### WHAT YOU NEED TO DO
What is needed is an exact copy of the lines from the line holding "SECURE BUCKLE CLOSURE" through the end of the material, with no other lines and no pictures.

### DATA EXCERPT
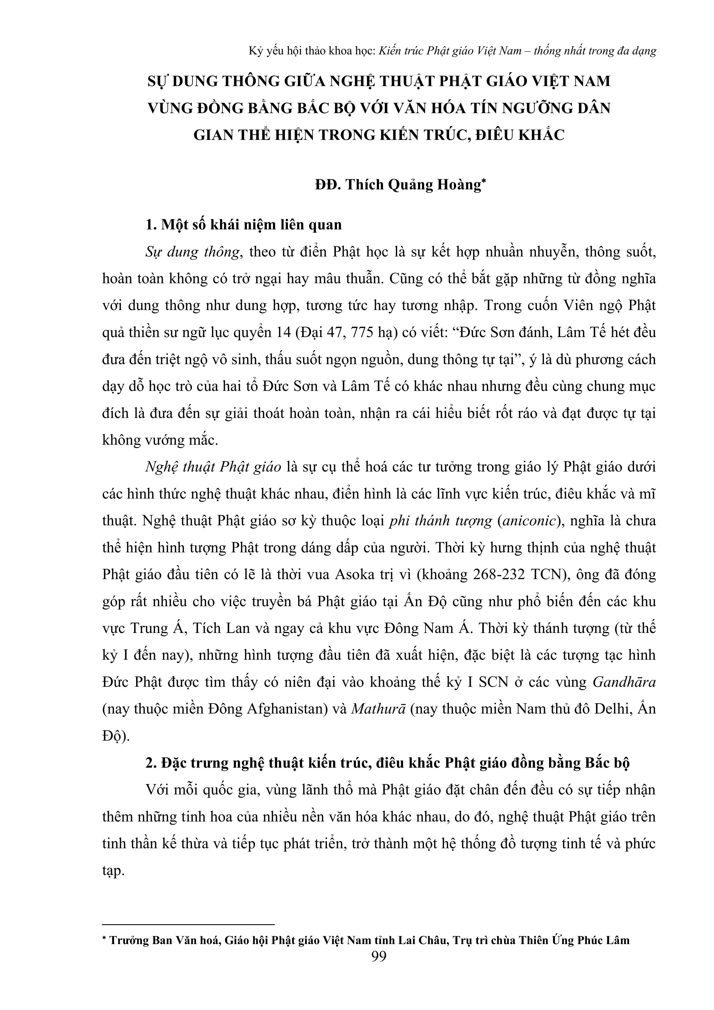 Sự dung thông giữa nghệ thuật Phật giáo Việt Nam vùng Đồng bằng Bắc Bộ với văn hoá tín ngưỡng dân gian thể hiện trong kiến trúc, điêu khắc
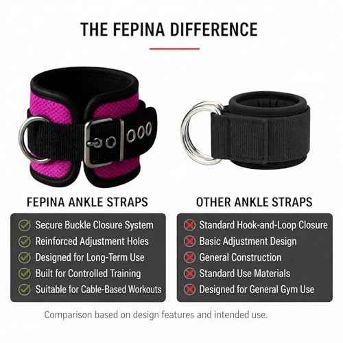 SECURE BUCKLE CLOSURE FOR HEAVY LOAD TRAINING: Designed with a reinforced belt-style buckle closure, these ankle straps provide a more protected fit than standard hook-and-loop designs. The structured closure helps scale back shifting throughout heavy cable exercises, supporting stable and controlled leg and glute workouts.
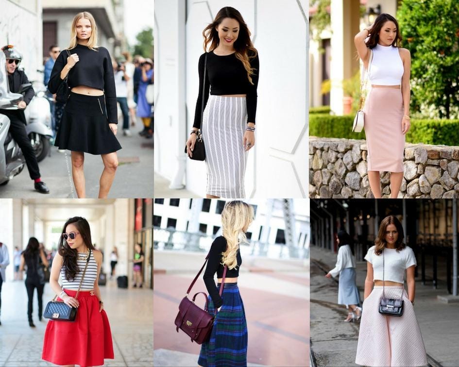 Kamu bisa seperti Kim Kardashian, dengan memadu padankan crop top kamu dengan skirt. Nggak harus bodycon skirt , kamu bisa menggunakan skirt highwaist panjang sebetis, yang akan membuat kamu tampak lebih elegan dan kasual, Bela.
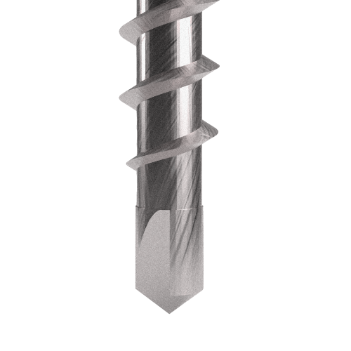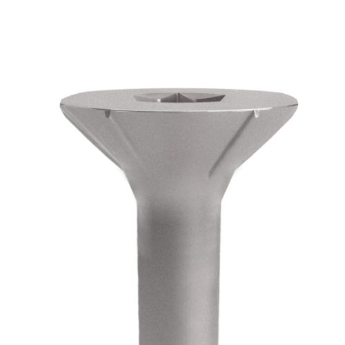 Rillorna fräser ned ytan vid försänkning av skruven.

### ANSWER
 SECURE BUCKLE CLOSURE FOR HEAVY LOAD TRAINING: Designed with a reinforced belt-style buckle closure, these ankle straps provide a more protected fit than standard hook-and-loop designs. The structured closure helps scale back shifting throughout heavy cable exercises, supporting stable and controlled leg and glute workouts.
 Kamu bisa seperti Kim Kardashian, dengan memadu padankan crop top kamu dengan skirt. Nggak harus bodycon skirt , kamu bisa menggunakan skirt highwaist panjang sebetis, yang akan membuat kamu tampak lebih elegan dan kasual, Bela.
 Rillorna fräser ned ytan vid försänkning av skruven.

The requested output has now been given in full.